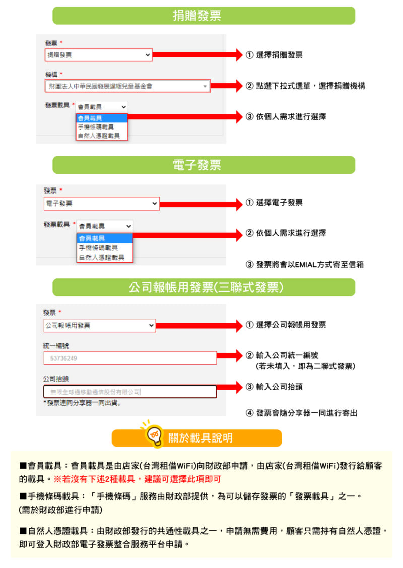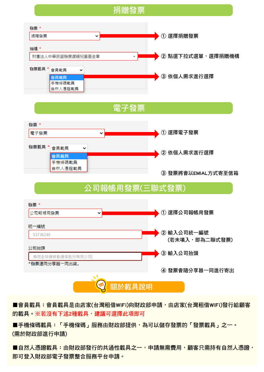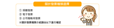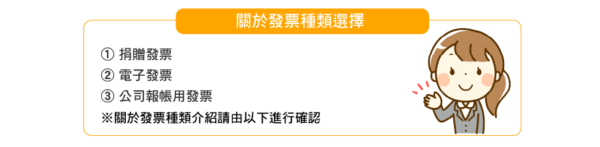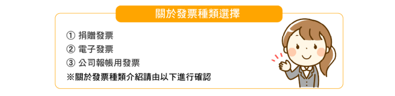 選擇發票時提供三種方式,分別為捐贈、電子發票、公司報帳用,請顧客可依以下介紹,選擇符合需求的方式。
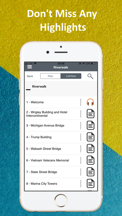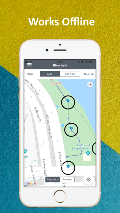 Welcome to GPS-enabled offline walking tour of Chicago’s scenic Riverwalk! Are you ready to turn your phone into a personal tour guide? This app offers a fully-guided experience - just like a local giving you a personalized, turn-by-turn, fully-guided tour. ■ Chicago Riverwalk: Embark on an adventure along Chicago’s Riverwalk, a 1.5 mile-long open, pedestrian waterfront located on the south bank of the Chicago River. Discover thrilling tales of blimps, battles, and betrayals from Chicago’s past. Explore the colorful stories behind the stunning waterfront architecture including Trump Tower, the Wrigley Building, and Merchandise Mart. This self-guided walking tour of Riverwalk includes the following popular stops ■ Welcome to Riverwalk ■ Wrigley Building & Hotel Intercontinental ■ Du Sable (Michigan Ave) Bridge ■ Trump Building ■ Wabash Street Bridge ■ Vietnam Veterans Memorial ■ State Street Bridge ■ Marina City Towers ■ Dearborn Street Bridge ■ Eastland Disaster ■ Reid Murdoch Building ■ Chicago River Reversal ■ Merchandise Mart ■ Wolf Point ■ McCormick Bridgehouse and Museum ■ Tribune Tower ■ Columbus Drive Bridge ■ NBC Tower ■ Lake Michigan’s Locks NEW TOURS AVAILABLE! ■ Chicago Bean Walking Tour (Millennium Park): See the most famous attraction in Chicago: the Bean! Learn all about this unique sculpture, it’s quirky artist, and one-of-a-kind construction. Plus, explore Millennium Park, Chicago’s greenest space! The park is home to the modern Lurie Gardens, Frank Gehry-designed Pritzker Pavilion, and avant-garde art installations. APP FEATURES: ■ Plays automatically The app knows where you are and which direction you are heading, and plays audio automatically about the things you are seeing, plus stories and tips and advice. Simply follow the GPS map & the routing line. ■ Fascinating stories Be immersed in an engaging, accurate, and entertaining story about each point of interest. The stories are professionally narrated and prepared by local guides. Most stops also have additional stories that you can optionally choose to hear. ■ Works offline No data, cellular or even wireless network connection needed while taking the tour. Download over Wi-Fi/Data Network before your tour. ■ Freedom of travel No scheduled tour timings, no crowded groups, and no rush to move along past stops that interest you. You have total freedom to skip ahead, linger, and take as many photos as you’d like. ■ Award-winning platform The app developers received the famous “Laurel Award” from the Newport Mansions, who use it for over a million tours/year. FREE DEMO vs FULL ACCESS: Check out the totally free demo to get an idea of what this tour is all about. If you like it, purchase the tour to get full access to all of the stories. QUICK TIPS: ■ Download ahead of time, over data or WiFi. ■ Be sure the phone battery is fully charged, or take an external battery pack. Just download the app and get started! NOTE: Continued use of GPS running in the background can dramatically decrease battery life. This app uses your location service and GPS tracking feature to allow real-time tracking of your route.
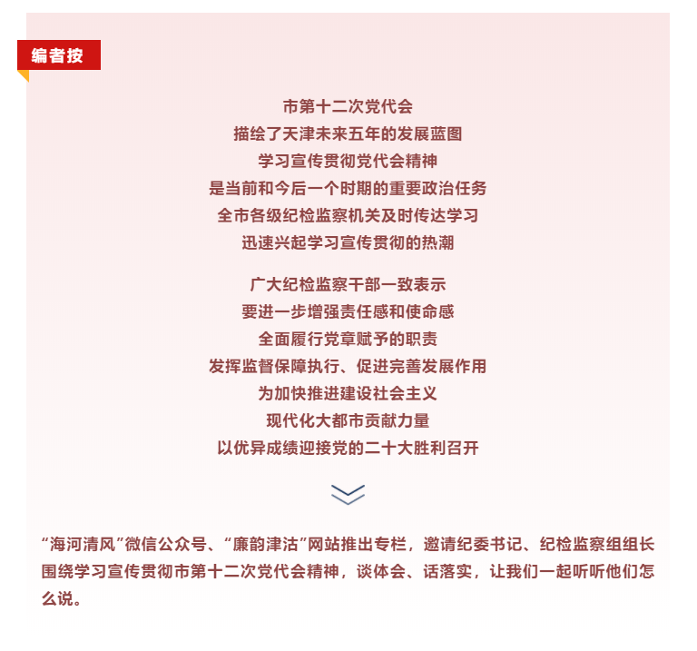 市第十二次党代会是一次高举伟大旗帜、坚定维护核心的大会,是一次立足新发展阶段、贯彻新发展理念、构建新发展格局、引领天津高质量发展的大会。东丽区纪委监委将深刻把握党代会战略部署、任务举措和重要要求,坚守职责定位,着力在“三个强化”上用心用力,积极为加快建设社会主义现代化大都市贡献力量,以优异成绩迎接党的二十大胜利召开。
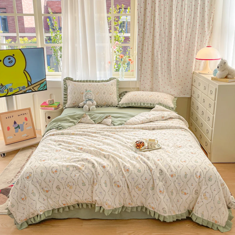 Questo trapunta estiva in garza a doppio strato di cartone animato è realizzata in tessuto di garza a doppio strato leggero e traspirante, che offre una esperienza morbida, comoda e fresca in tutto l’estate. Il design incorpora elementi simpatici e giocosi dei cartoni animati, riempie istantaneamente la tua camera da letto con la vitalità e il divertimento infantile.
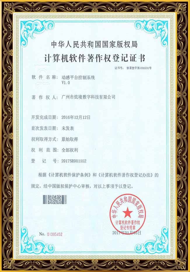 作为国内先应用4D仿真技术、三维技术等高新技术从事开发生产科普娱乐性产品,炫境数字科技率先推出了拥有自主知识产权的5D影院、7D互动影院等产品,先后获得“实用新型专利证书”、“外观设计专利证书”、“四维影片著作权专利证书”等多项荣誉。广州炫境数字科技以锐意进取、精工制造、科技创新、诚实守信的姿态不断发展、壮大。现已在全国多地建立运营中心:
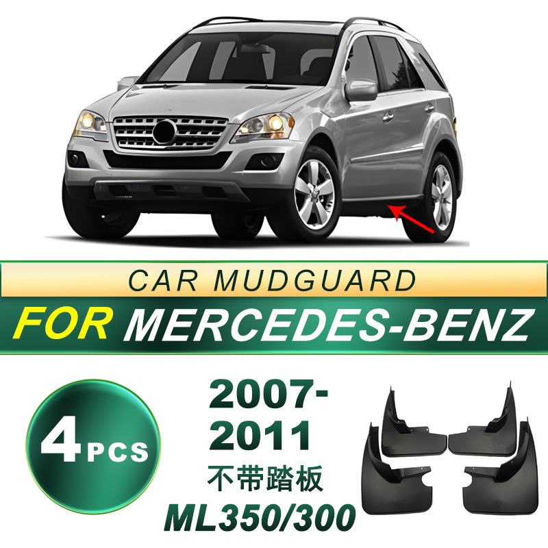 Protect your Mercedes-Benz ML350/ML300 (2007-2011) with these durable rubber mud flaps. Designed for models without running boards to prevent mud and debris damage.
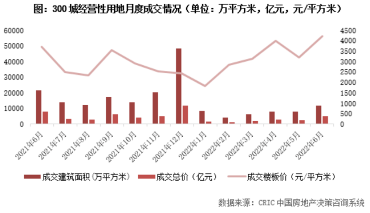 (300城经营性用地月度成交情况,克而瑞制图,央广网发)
::::
• [WHAT YOU ARE ASKED TO DO]: The records above are to be reproduced exactly; the pictures are to be left out.

• [EXPECTED ANSWER]:
 選擇發票時提供三種方式,分別為捐贈、電子發票、公司報帳用,請顧客可依以下介紹,選擇符合需求的方式。
 Welcome to GPS-enabled offline walking tour of Chicago’s scenic Riverwalk! Are you ready to turn your phone into a personal tour guide? This app offers a fully-guided experience - just like a local giving you a personalized, turn-by-turn, fully-guided tour. ■ Chicago Riverwalk: Embark on an adventure along Chicago’s Riverwalk, a 1.5 mile-long open, pedestrian waterfront located on the south bank of the Chicago River. Discover thrilling tales of blimps, battles, and betrayals from Chicago’s past. Explore the colorful stories behind the stunning waterfront architecture including Trump Tower, the Wrigley Building, and Merchandise Mart. This self-guided walking tour of Riverwalk includes the following popular stops ■ Welcome to Riverwalk ■ Wrigley Building & Hotel Intercontinental ■ Du Sable (Michigan Ave) Bridge ■ Trump Building ■ Wabash Street Bridge ■ Vietnam Veterans Memorial ■ State Street Bridge ■ Marina City Towers ■ Dearborn Street Bridge ■ Eastland Disaster ■ Reid Murdoch Building ■ Chicago River Reversal ■ Merchandise Mart ■ Wolf Point ■ McCormick Bridgehouse and Museum ■ Tribune Tower ■ Columbus Drive Bridge ■ NBC Tower ■ Lake Michigan’s Locks NEW TOURS AVAILABLE! ■ Chicago Bean Walking Tour (Millennium Park): See the most famous attraction in Chicago: the Bean! Learn all about this unique sculpture, it’s quirky artist, and one-of-a-kind construction. Plus, explore Millennium Park, Chicago’s greenest space! The park is home to the modern Lurie Gardens, Frank Gehry-designed Pritzker Pavilion, and avant-garde art installations. APP FEATURES: ■ Plays automatically The app knows where you are and which direction you are heading, and plays audio automatically about the things you are seeing, plus stories and tips and advice. Simply follow the GPS map & the routing line. ■ Fascinating stories Be immersed in an engaging, accurate, and entertaining story about each point of interest. The stories are professionally narrated and prepared by local guides. Most stops also have additional stories that you can optionally choose to hear. ■ Works offline No data, cellular or even wireless network connection needed while taking the tour. Download over Wi-Fi/Data Network before your tour. ■ Freedom of travel No scheduled tour timings, no crowded groups, and no rush to move along past stops that interest you. You have total freedom to skip ahead, linger, and take as many photos as you’d like. ■ Award-winning platform The app developers received the famous “Laurel Award” from the Newport Mansions, who use it for over a million tours/year. FREE DEMO vs FULL ACCESS: Check out the totally free demo to get an idea of what this tour is all about. If you like it, purchase the tour to get full access to all of the stories. QUICK TIPS: ■ Download ahead of time, over data or WiFi. ■ Be sure the phone battery is fully charged, or take an external battery pack. Just download the app and get started! NOTE: Continued use of GPS running in the background can dramatically decrease battery life. This app uses your location service and GPS tracking feature to allow real-time tracking of your route.
 市第十二次党代会是一次高举伟大旗帜、坚定维护核心的大会,是一次立足新发展阶段、贯彻新发展理念、构建新发展格局、引领天津高质量发展的大会。东丽区纪委监委将深刻把握党代会战略部署、任务举措和重要要求,坚守职责定位,着力在“三个强化”上用心用力,积极为加快建设社会主义现代化大都市贡献力量,以优异成绩迎接党的二十大胜利召开。
 Questo trapunta estiva in garza a doppio strato di cartone animato è realizzata in tessuto di garza a doppio strato leggero e traspirante, che offre una esperienza morbida, comoda e fresca in tutto l’estate. Il design incorpora elementi simpatici e giocosi dei cartoni animati, riempie istantaneamente la tua camera da letto con la vitalità e il divertimento infantile.
 作为国内先应用4D仿真技术、三维技术等高新技术从事开发生产科普娱乐性产品,炫境数字科技率先推出了拥有自主知识产权的5D影院、7D互动影院等产品,先后获得“实用新型专利证书”、“外观设计专利证书”、“四维影片著作权专利证书”等多项荣誉。广州炫境数字科技以锐意进取、精工制造、科技创新、诚实守信的姿态不断发展、壮大。现已在全国多地建立运营中心:
 Protect your Mercedes-Benz ML350/ML300 (2007-2011) with these durable rubber mud flaps. Designed for models without running boards to prevent mud and debris damage.
 (300城经营性用地月度成交情况,克而瑞制图,央广网发)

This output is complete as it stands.